道化の唄 | ナノ

 ◇声


ギッと重たい木の扉が鳴って、少し震える。

暫時の間の後、それは内側へと開かれた。そしてユーリの「ただいまぁ…!いやぁめっちゃ寒い……」という間延びした声が耳に入る。


横になって少しの間ぼんやりとしていたミケは、ハッとしてその方を向き、起き上がろうと片腕で身体を支える。

しかしながら、うまく力が入らない。むしろバランス感覚を失って妙な方向に姿勢が崩れる。

扉から入ってきたユーリはまさにその光景を目の当たりにし、焦ったようにして「わ、ミケさん。大丈夫大丈夫。そのまんまでいて。」と言ってはこちらに駆け寄ってくる。

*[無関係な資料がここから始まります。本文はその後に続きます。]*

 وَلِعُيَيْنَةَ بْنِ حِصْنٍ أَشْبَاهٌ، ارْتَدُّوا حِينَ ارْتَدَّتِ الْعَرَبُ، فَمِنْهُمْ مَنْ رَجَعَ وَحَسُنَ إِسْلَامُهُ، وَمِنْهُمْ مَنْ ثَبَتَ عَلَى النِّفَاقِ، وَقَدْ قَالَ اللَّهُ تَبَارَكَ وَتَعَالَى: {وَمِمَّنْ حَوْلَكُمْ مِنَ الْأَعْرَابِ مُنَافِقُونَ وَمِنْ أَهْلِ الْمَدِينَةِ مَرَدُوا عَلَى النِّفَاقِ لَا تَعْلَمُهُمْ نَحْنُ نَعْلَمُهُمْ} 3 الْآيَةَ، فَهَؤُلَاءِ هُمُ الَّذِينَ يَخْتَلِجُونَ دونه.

「いや……ヒヤッとしたよぉ。ミケさんベッドから落っこちちゃうかと思った。」


ミケの身体を支え、彼が態勢を立て直すのを確認すると…ようやくユーリはハァ、と息を吐いて安堵の表情をする。


「………今日はまたどうしたんですか。それとも、そんなに私が帰ってきたのが嬉しかったぁ?」


ユーリはニヤニヤと嬉しそうにしながら、手にしていた鉢を持ち直してミケの顔を覗き込む。

ミケは……ユーリの台詞はひとまず無視し、「レモングラスをどうするつもりだ。」とその鉢植えについて訪ねた。

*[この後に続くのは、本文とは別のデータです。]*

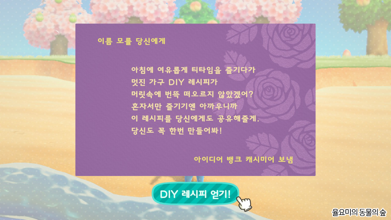 모여봐요 동물의 숲 내에서 가구나 소품, 그리고 기본으로 필요한 아이템들은 DIY 레시피만 있다면 작업대를 이용하여 DIY 하여 만들어 사용할 수 있습니다. 레시피 모으는 방법은 여러 가지가 있는데 해변가의 유리병 편지를 줍거나 DIY 하고 있는 주민에게 레시피를 받거나 또는 하늘에 날아다니는 풍선을 터트려서 레시피를 얻을 수도 있습니다. 오늘의 포스팅은 이러한 레시피를 모으는 방법들을 더 자세하게 포스팅해보려고 합니다.

「あら、ミケさん知らないんですか。レモングラスは寒さに滅茶苦茶弱いんですよぉ。そろそろ屋内に移してあげないと枯れちゃいます。」

答えながらユーリは鉢を床の上、適当な場所に下ろした。そして「もう少し日当たりが良い場所の方が良いかな……」と呟いてはまた別の場所へとずらす。


「ユーリ。」


ミケがそんな彼女の名前を呼ぶと、応えて立ち上がり、彼の方へと振り向いてくる。

その際に下ろされていた金色の髪が揺れて、淡い夜の匂いが運ばれてきた。ミケが好きなユーリの匂いだった。


(………伸びたな。)


それに感じ入りながら、ミケはぼんやりとした感慨を抱く。且つては肩に触れるくらいだったその髪は、今は肩甲骨の辺りにまで真っ直ぐに伸びていた。


…………呼び止めたは良いが、一向に要件を切り出さない彼に対してユーリは不思議そうな表情を向ける。

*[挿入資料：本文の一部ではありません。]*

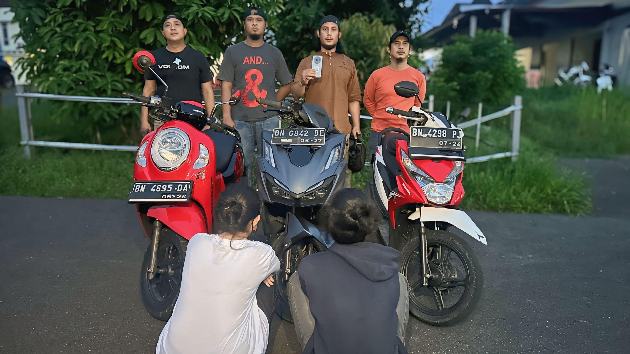 Dalam penangkapan ini, polisi juga mengamankan sejumlah barang bukti, di antaranya 1 unit sepeda motor Honda Scoopy warna hitam merah (BN 4695 DA), 1 unit sepeda motor Honda Beat warna merah putih (BN 4298 PJ), 1 unit ponsel Redmi A3 warna hijau, dan 1 buah tas hitam

それに気が付いたミケは、「いや…外はそんなに寒いのか。」と取り敢えずの言葉を呟いてみた。


「ええ、もうそりゃぁ。初冬でこれなんだから、今年の冬の寒さは絶対ヤバいですって。」

答えながら、ユーリはミケが半身を起き上げていたベッドの傍まで歩みつつ外套を脱いだ。


「まあ…でも。この屋内はあったかいですね。つくづく良い家ですよぉ。」


ユーリはベッド脇の椅子の背にそれを掛け、自分自身もそこに腰を下ろした。

そうして彼の顔を覗き込むようにして微笑むので、眉の辺りで綺麗に切り揃えられた前髪の下、青い瞳がそっと優しい形になる。

ミケも同じように微笑して、傍まで来た彼女の頬を掌で触った。ユーリは少しくすぐったそうにするが、嬉しそうにその行為を甘受する。


本当は、両の掌でそこを包み込むようにして額を合わせたかった。

だが、その為に必要な右の腕が自分には無かった。

立ち上がって、彼女を出迎えてはその冷えているであろう身体を抱いてやる為に歩む脚も。ひとつ、足りなかった。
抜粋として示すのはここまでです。